The mammalian neocortex underlies many perceptual, cognitive and affective functions. It also has a layered structure with conserved circuit elements and connectivity but how this structure leads to function remains a mystery. We will use silicon probes spanning cortical layers combined with optogenetic tagging and manipulation to gather high-resolution data about cell-cell communication in the cortex during varying brain states. Gathering fundamental information about cortical neuronal cell types, layers and how they transmit information will lead to a fuller picture of how the cortex operates and accomplishes its remarkable achievements.
Cortical networks during sleep and wake
Sleep is thought to have homeostatic functions for our brains and has also been shown to mediate memory consolidation. Evidence for homeostatic function of sleep is that without sleep our brains malfunction: we remember poorly, our cognition becomes faulty, psychosis can emerge and epileptic patients can have seizures. On the other hand during wake we accumulate experience and learn new information and decades of research has shown that memory is actually improved after sleep.

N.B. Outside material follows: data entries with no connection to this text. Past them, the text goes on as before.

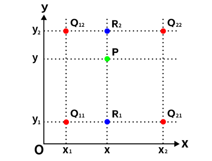 (x, y)的像素点,通常记作P00(x0, y0),P01(x0, y1),P10(x1, y0),P11(x1, y1),它们构成一个2x2的邻域矩阵。 -
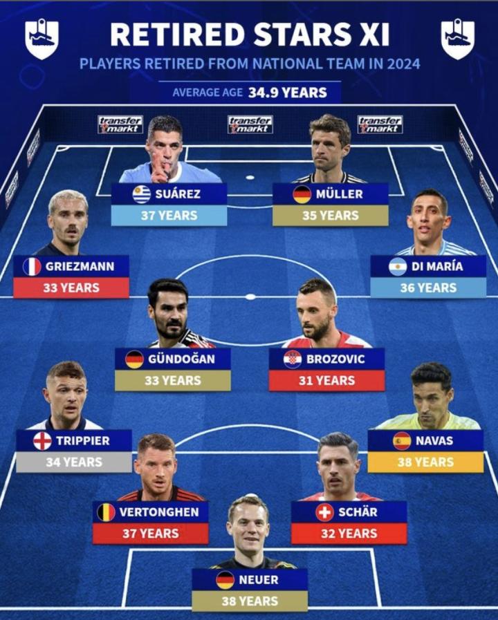 北京时间10月14日,德国转会市场列出了今年从国家队退役的球员阵容。其中,诺伊尔、穆勒、格列兹曼、苏亚雷斯等人在列。
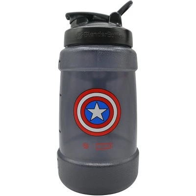 Serious workouts call for serious hydration. At 2.2 liters, the Blender Bottle Marvel Hydration Koda is designed to keep you hydrated through a big workout, long weekend, or hectic day ahead. Hitting your daily water quota has never been easier! Enjoy enhanced features like the popular SpoutGuard to protect from dirty gym fingers, a secure screw-on lid, and enormous capacity to satisfy a monster thirst. With a streamlined design, comfortable carry loop, and sure-grip handle, the Koda is built to effortlessly haul around all the fluids you need. Simply secure the lid, close the flip cap, and get moving. You can even toss it in your car or gym bag without worrying about leaks. Made with high quality materials and is BPA/phthalate free.

How does sleep both bring cells/synapses back to the status quo for homeostatic reasons and yet also reinforce new changes to become strengthened. We aim to study which cells and connections are maintained and which are pulled back to previous states after learning behaviors using a combination of high density electrophysiologic recordings, sleep and learning paradigms and optogenetics.

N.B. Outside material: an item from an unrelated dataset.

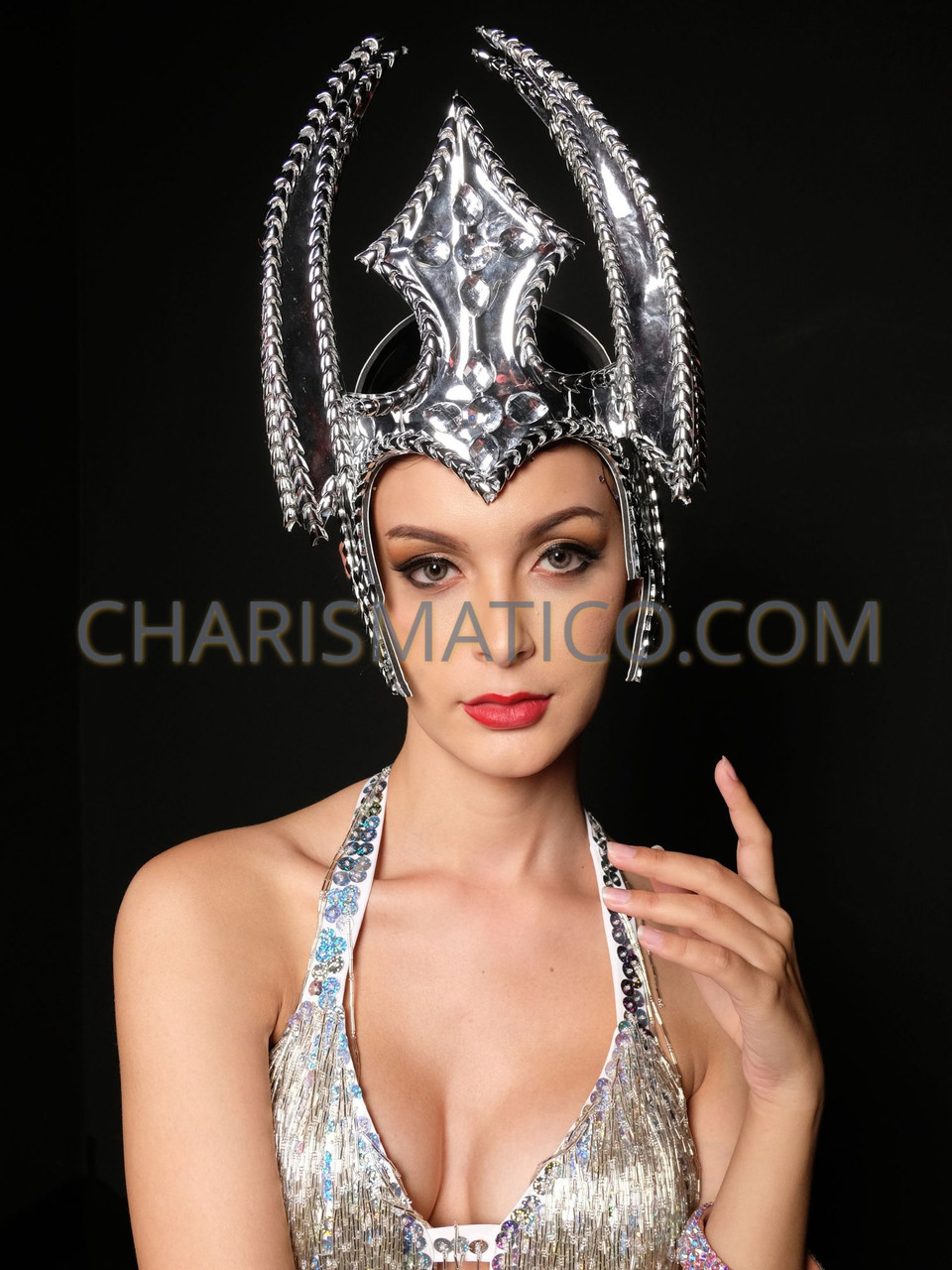Silver Gothic-Inspired Vinyl Warrior Headdress warrior princess headpiece

Major depressive disorder affects millions of people worldwide every year and yet we do not understand its basic neurobiology. Ketamine is a rapid-acting antidepressant drug that offers a new opportunity to possibly understand the circuits underlying depression and also offers new clinical avenues forward. We will use silicon probe recordings in rodents to characterize the changes that occur before versus after ketamine infusion and will also attempt to match antidepressant-related behavioral change on a per-animal basis to neurophysiologic changes in those same animals. This may both help us understand more and give targets and markers for future clinical treatments.